JAKARTA, Indonesia (AP) — An elite Indonesian anti-terror squad has arrested 10 Islamic militants and seized a dozen homemade bombs from a group suspected of planning suicide attacks against security forces and the government, police said Sunday.

Eight suspects were arrested Saturday in Central Java’s Solo town and a ninth in West Kalimantan on the island of Borneo, national police spokesman Brig. Gen. Boy Rafli Amar said. He said a 10th suspect, Joko Parkit, was arrested Sunday in Solo.

Parkit’s brother, Eko Joko Supriyanto, was shot to death by police in 2009 during raids seeking Southeast Asia’s most wanted Islamist militant, Noordin M. Top. Noordin was killed by police a year later.

Amar said two of those arrested, Badri Hartono and Rudi Kurnia Putra, worked to recruit young men and taught at least one member of the group how to make bombs.

"They were the central figures of the group who had planned several terror attacks," Amar said. "They recruited, invited young men to be trained in a military-style jihadi camp and bought bomb-making materials."

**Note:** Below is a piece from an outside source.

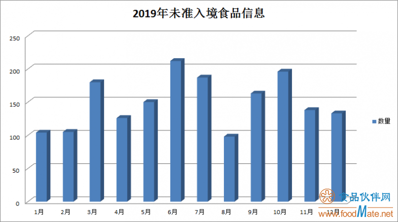 按月統計發現,6月、10月、7月、3月未準入境食品數量居多,分別有212批次、196批次、187批次、180批次。具體每月未準入境食品數量見下圖:

He said the group planned to bomb the country’s Parliament, shoot police and attack members of the anti-terrorism squad as part of a plan to establish Islamic Sharia law in the world’s most populous Muslim-majority nation.

Police seized 12 homemade bombs along with other partially assembled bombs, three rifles, four swords and several jihadist books.

Solo is the hometown of convicted radical cleric Abu Bakar Bashir. Police are investigating possible links between the unnamed group and other terrorism networks, Amar said. Authorities believe it has now been largely broken up, but are continuing to search for other members.

Since March, more than 30 militant suspects have been arrested and seven others killed in a series of raids in Indonesia. All of the suspects are believed to have been plotting domestic attacks, and some attended a military-style training camp in Poso on Sulawesi island.

Another member of the group, alleged bomb maker Muhammad Toriq, surrendered two weeks ago in Jakarta while carrying a gun and wearing a suicide bomber belt that did not contain any explosives. A second militant, Yusuf Rizaldi, gave himself up to police in North Sumatra three days later. Both provided information that led to the arrests of other members of the group in Saturday’s raids, Amar said.

Indonesia, a secular nation, has been battling terrorists since 2002, when militants linked to the Southeast Asian network Jemaah Islamiyah began attacking Western nightclubs, restaurants and embassies. More than 260 people have been killed in the attacks, many of them foreign tourists.

Recent terror attacks in Indonesia have been carried out by individuals or small groups and have targeted local "infidels" instead of Westerners, with less deadly results.